Головнев усмехнулся, но ничего не сказал. До поры до времени он решил соблюдать строжайший нейтралитет. Подняв за хвост маленькую снулую таранку, он покачал головой:
— Рыба действительно не очень… молодая рыбка… А погуляй она годика два, из нее полноценный продукт получился бы…
Михаил Степанович сдал капитану заводского катера улов Талалаева, вычеркнул из графы суточного плана всю эту рыбу и пошел домой.
Через час рыбаки с хутора Судачьего с удивлением увидели, что поднятый с утра на Голубовской мачте красный флаг вдруг куда-то исчез.
— Что там за чертовщина у голубовцев? — разводили руками судачинские рыбаки. — Вроде ведь висел флаг, значит, суточное задание было выполнено, а потом чего-то приключилось.
— Может, утоп баркас с добычей? — предположил кто-то.
— Надо бы послать верхового, пущай узнает, чего там стряслось…
Посланный судачинским рыбколхозом верховой по возвращении на тоню обескураженно сообщил, что новый инспектор рыболовного надзора отобрал у голубовцев весь улов второй бригады и составил на бригадира акт о незаконном прилове молоди.
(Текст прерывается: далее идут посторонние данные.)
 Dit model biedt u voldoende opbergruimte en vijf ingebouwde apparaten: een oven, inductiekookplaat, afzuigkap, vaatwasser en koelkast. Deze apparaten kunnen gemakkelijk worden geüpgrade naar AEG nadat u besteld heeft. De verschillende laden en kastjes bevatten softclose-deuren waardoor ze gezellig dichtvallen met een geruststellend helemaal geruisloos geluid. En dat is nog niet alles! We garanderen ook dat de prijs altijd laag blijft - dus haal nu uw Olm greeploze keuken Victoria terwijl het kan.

— Гляди, какой завзятый! — качали головами рыбаки. — При старом инспекторе у них этого не бывало, мирно жили…
…Сойдя с катера, Василий Зубов уселся на бревно возле лодки, уже спущенной на воду.
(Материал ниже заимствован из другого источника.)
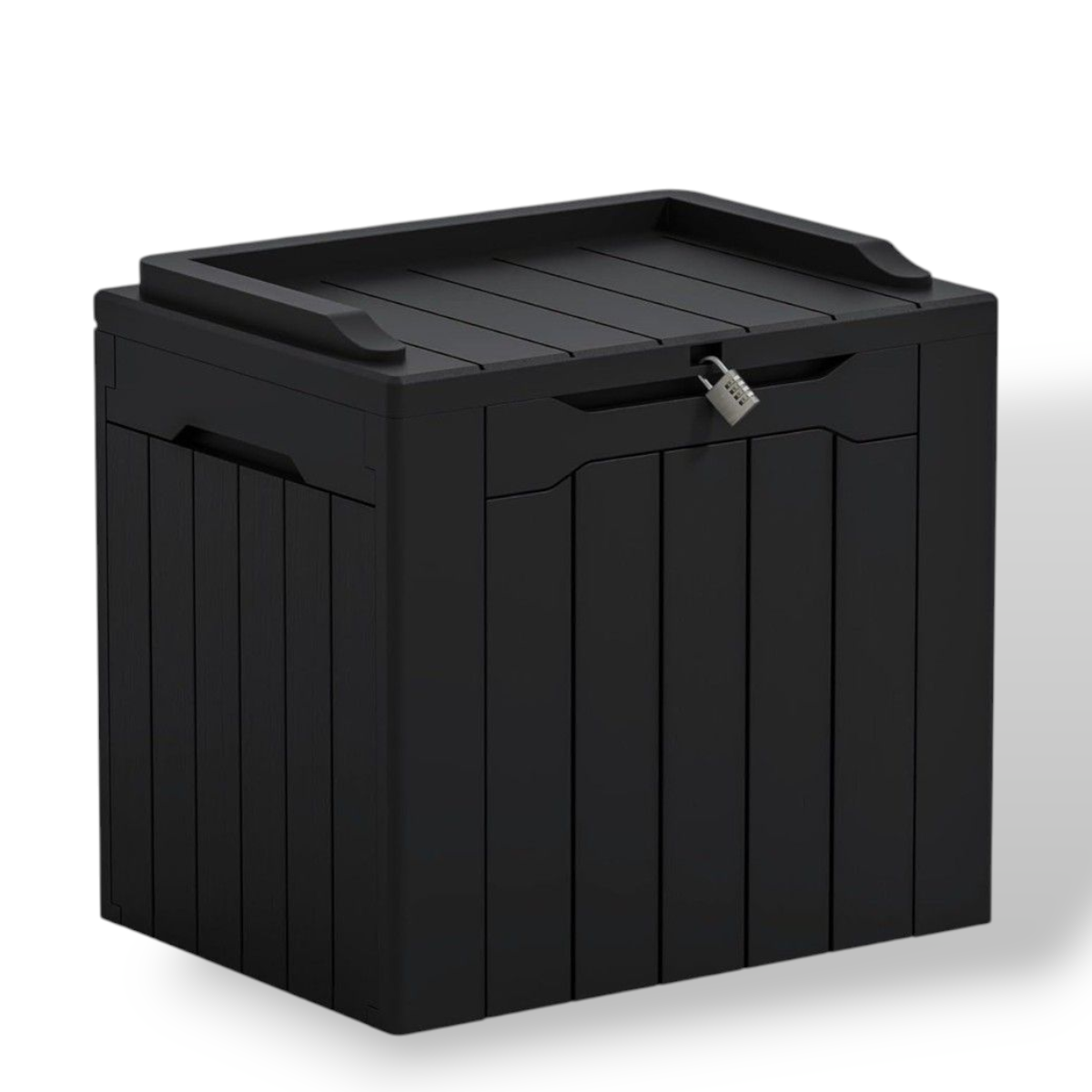 This extra-large capacity deck box (31 gallons) is ideal for keeping your patio, garden, poolside, and backyard neat and tidy. The lockable storage box features built-in hasps for a padlock (not included) and secure hydraulic lids for safe, easy opening. It?s multipurpose: use it for hidden outdoor storage, or as a weatherproof patio seat or side table (supports up to 1 adult).

День был теплый, солнечный. Река сияла так, что на нее больно было смотреть. Моторист Яша, развалившись на борту лодки, подремывал, жмуря свой единственный глаз. Василий молча курил. Осматривая левый и правый берег, он видел, как ловят рыбу станичные удильщики: ниже Церковного рынка, стоя на камне, удил старый учитель-пенсионер Тимофей Тимофеевич; неподалеку от него, на плоскодонном каюке, устроились трое мальчишек с лесками; на левом берегу ловили удочками старики из полеводческого колхоза; сидя на пароме, ставил лески чистенький благообразный дед Авдей.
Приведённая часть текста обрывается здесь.